WaPo: Social Isolation Growing


Today’s Washington Post includes a article by Shankar Vedantam about the increasing social isolation of the average American.

A quarter of Americans say they have no one with whom they can discuss personal troubles, more than double the number who were similarly isolated in 1985. Overall, the number of people Americans have in their closest circle of confidants has dropped from around three to about two.

One of the sociologists interviewed for the article attributed this isolation to commuting and television.

Robert D. Putnam, a professor of public policy at Harvard and the author of “Bowling Alone,” a book about increasing social isolation in the United States, said the new study supports what he has been saying for years to skeptical audiences in the academy.

“For most of the 20th century, Americans were becoming more connected with family and friends, and there was more giving of blood and money, and all of those trend lines turn sharply in the middle ’60s and have gone in the other direction ever since,” he said.

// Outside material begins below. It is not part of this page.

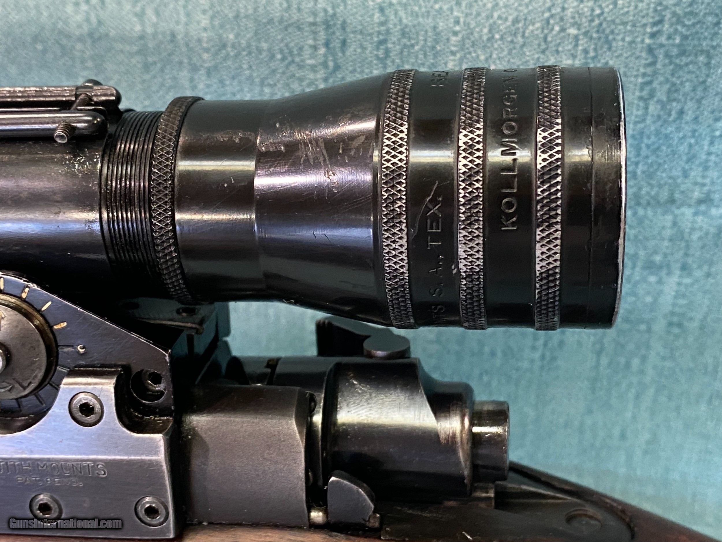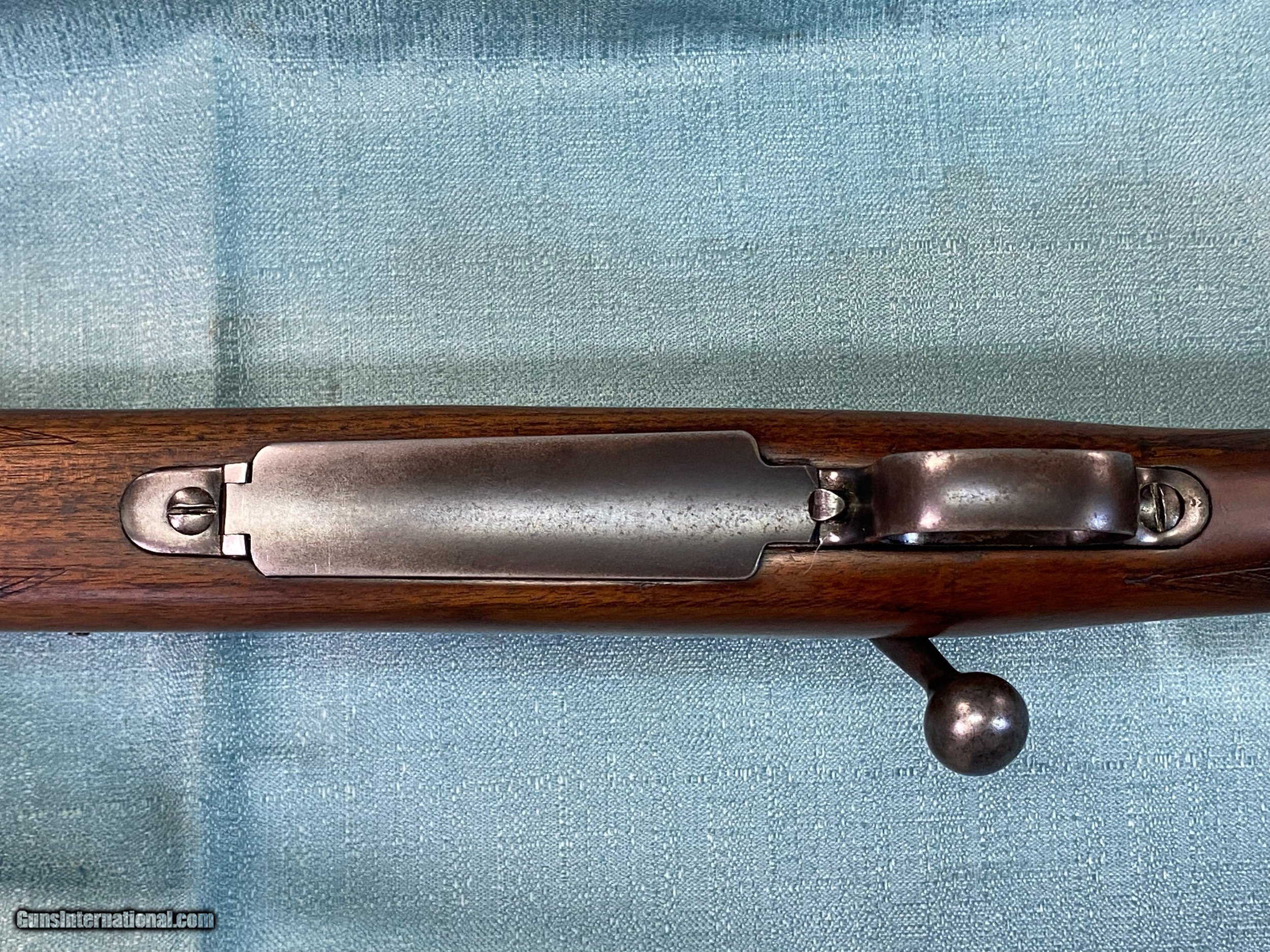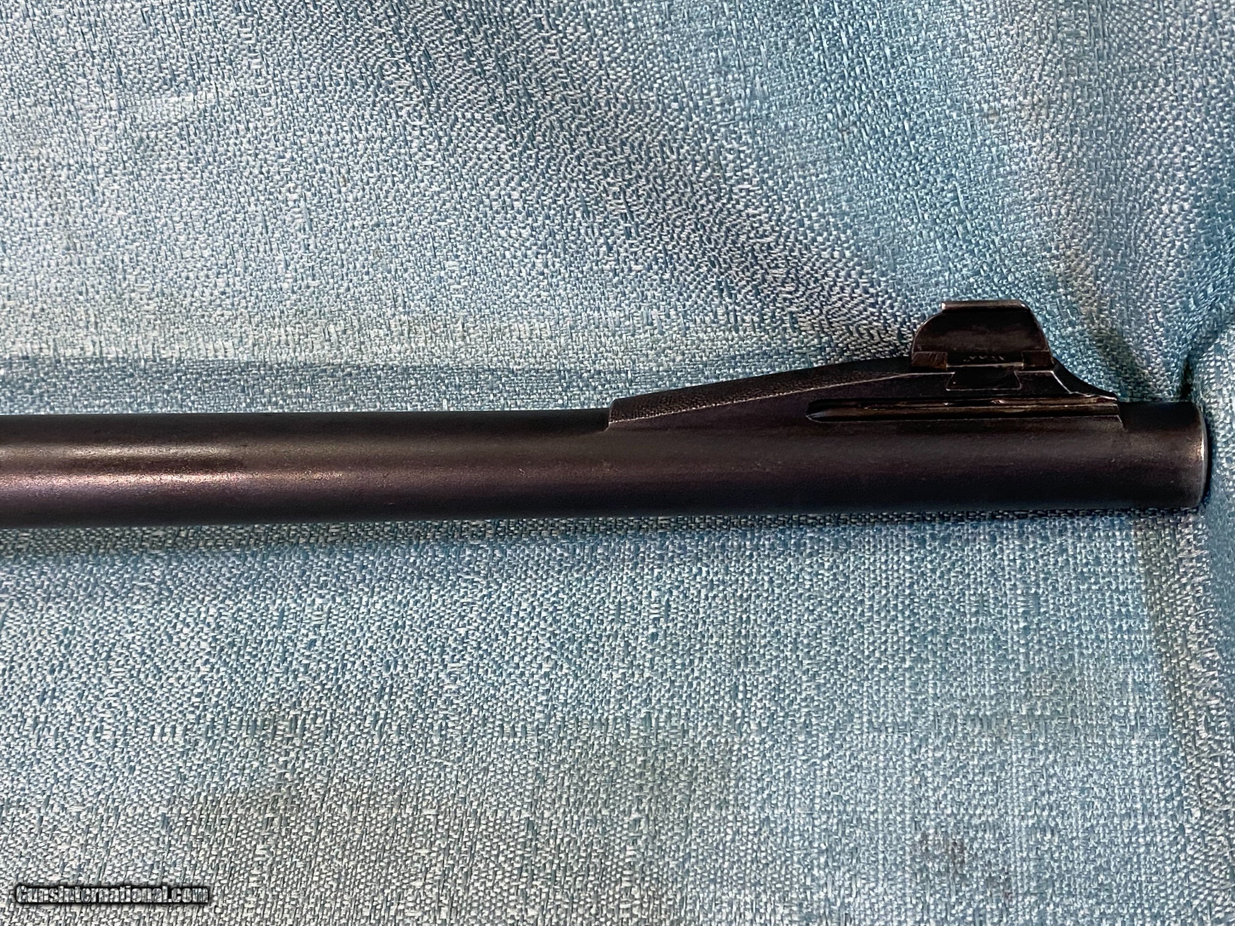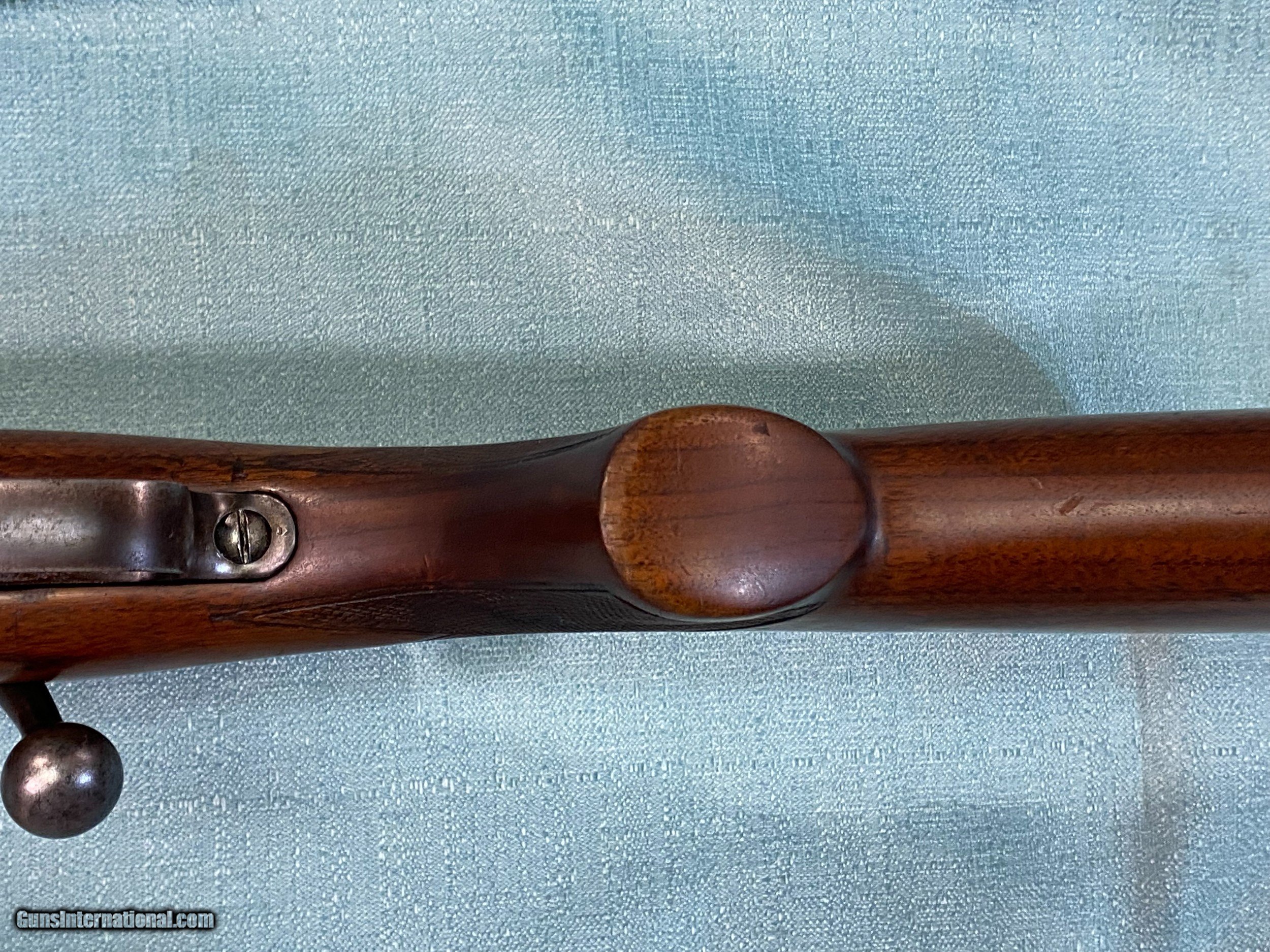 Description: This is a pre 64 Winchester model 70 Chambered in 300 H&H mag. This is one of the more desirable chambering in the early model 70. Manufactured in 1948 puts this rifle at the end of the "Transitional" period rifles between the post war models and the standard pre 64 model. It has a mirror like bore. This des not appear to be drilled and tapped at the top of the rear bridge but is on the side. It is drilled and tapped on the front of the receiver on the top. It has a 3 position forward swing safety lever and the bolt serial # matches the rifle. It has a secondary magnum stock bolt part way down the barrel. There are no cracks in this stock. the left side has some scratches it has acquired over the years. It has a Vintage scope mounted that says "Bear Cub Master" on the rear ring and "Kollmorgan Optical Corp" behind that. It uses external windage and elevation adjustments on "Smith Mounts" this scope has fine cross hairs and still has clean glass. Please do not hesitate to call and inquire about any items I may have missed that are pertinent to this rifle. Maine Residents add 5.5% sales Tax SOLD Rifle Caliber: .300 H&H Magnum Manufacturer: Winchester Model: 70 Pre 64 Serial Number: 84486 Barrel Length: 26 Condition: Very Good Metal Condition: Very Good Wood Condition: Good Bore Condition: Excellent Action: Bolt Controlled round Feed LOP: 12-5/8 Manufacture Date: 1948 Item Location: Buxton Maine |

Americans go on 60 percent fewer picnics today and families eat dinner together 40 percent less often compared with 1965, he said. They are less likely to meet at clubs or go bowling in groups. Putnam has estimated that every 10-minute increase in commutes makes it 10 percent less likely that people will establish and maintain close social ties.

Television is a big part of the problem, he contends. Whereas 5 percent of U.S. households in 1950 owned television sets, 95 percent did a decade later.

I’m sure commuting and television contribute to the problem of social isolation. But it seems to me that that a more fundamental problem is the parlous state of the American family. I’m sure the sociological data confirm the following three statements: (1) Fewer Americans marry now than in 1965. (2) Married couples have fewer children now than in 1965. And (3) more marriages end in divorce now than in 1965. In my opinion, nuclear and extended families provide are our first and most stable social networks. If they are declining in scope, decereasing in size, and ending in divorce, then so are our social networks.

I’m all for finding a job closer to home and turning off the TV. But if you really want to solve the problem of social isolation, it seems to me that you’ve got to address the problems of the American family first.